Kafka Interview — Consumer Group Rebalancing Protocols

Rebalancing Protocols & Production Scenarios

Your consumer group just triggered a rebalance during peak traffic (10K msg/sec). Processing stopped for 2 minutes. When you check, lag jumped from 5K to 850K. What happened and how do you diagnose it?

Rebalance stops all processing while consumers rejoin the group and redistribute partitions. A 2-minute pause with 10K msg/sec means 1.2M messages queued. Diagnose with: kafka-consumer-groups --bootstrap-server localhost:9092 --group orders-group --describe to see lag. Check rebalance reason via broker logs (JMX metric kafka.server:type=ReplicaManager,name=IsrShrinks). Common causes: consumer heartbeat timeout (default 10s), session timeout, or GC pause. If max.poll.interval.ms was exceeded, the consumer was kicked out mid-processing. Check consumer logs for REBALANCE_IN_PROGRESS error. Mitigation: increase session.timeout.ms from 10s to 30s, lower max.poll.records from 500 to 100, or tune fetch.max.bytes.

Follow-up: Your rebalance took 45 seconds but lag only jumped 450K—why was that better? What metric tells you rebalance time?

You deployed a new consumer version with a bug. It crashes instantly after rebalancing, triggering cascading rebalances every 10 seconds for 5 minutes. 200 messages piled up. How do you stop the bleeding?

Cascading rebalances mean consumers keep crashing and rejoining. Immediate action: kill all consumer instances with bad code (pkill -f orders-consumer). This triggers one final rebalance, remaining consumers take all partitions. Check JMX metric kafka.consumer:type=consumer-coordinator-metrics,client-id=*,name=sync-rate—high sync rate + low consumer-lag-avg = thrashing. Roll back deployment. Before restarting: verify fix handles edge cases in rebalance callback. Use --to-earliest restart only if necessary. For prevention: add on_partitions_revoked() handler to gracefully commit offsets before rebalance. Monitor kafka.consumer:type=consumer-fetch-manager-metrics,name=records-lag-max to catch lag spikes. Set alert on rebalance frequency via RangeAssignor or CooperativeStickyAssignor metrics.

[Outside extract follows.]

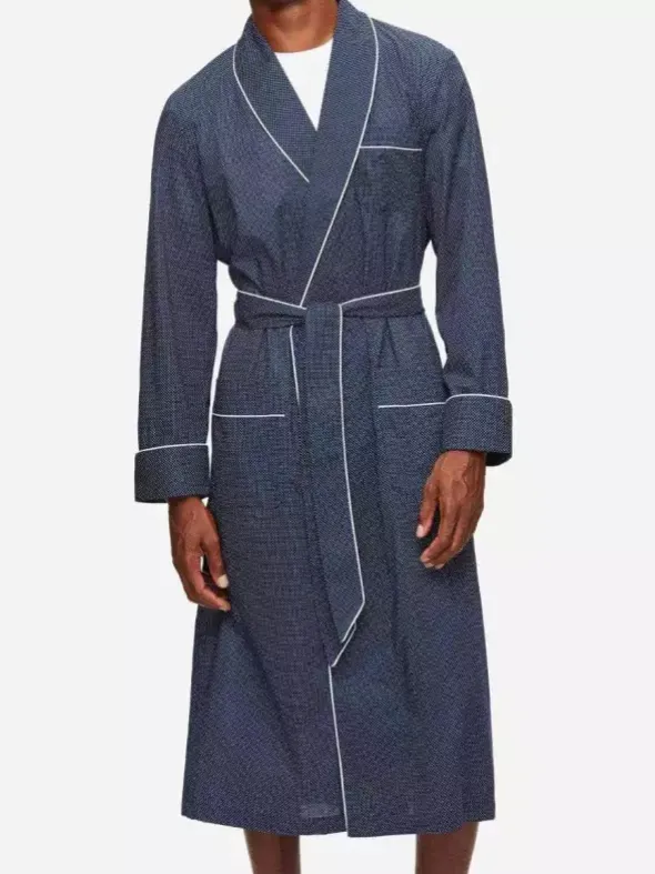 Der elegante Morgenmantel Plaza 21 ist ein stilvolles und zugleich zeitloses Wäschestück für den anspruchsvollen Herren. Gefertigt aus einem extra leichten und atmungsaktiven Batist aus reiner Baumwolle, ist dieser Mantel der ideale Begleiter für die wärmeren Monate oder über einen warmen Pyjama, wenn das Wetter kühler wird. Das klassische Schalkragendesign mit einer Brusttasche und zwei Vordertaschen ergänzt sich stilvoll zu dem minimalistischen Punktedruck. Luxuriöse Paspelierungen runden den Look ab.

Follow-up: Why would switching to CooperativeStickyAssignor reduce the impact? What's the trade-off vs RangeAssignor?

You have 6 consumers in a group across 3 partitions on your orders topic. You scale to 9 consumers. Rebalance triggers. Partition ownership flips: P0/P1/P2 were on C1/C2/C3. Now they're on C4/C5/C6. Why did they move and what did this cost?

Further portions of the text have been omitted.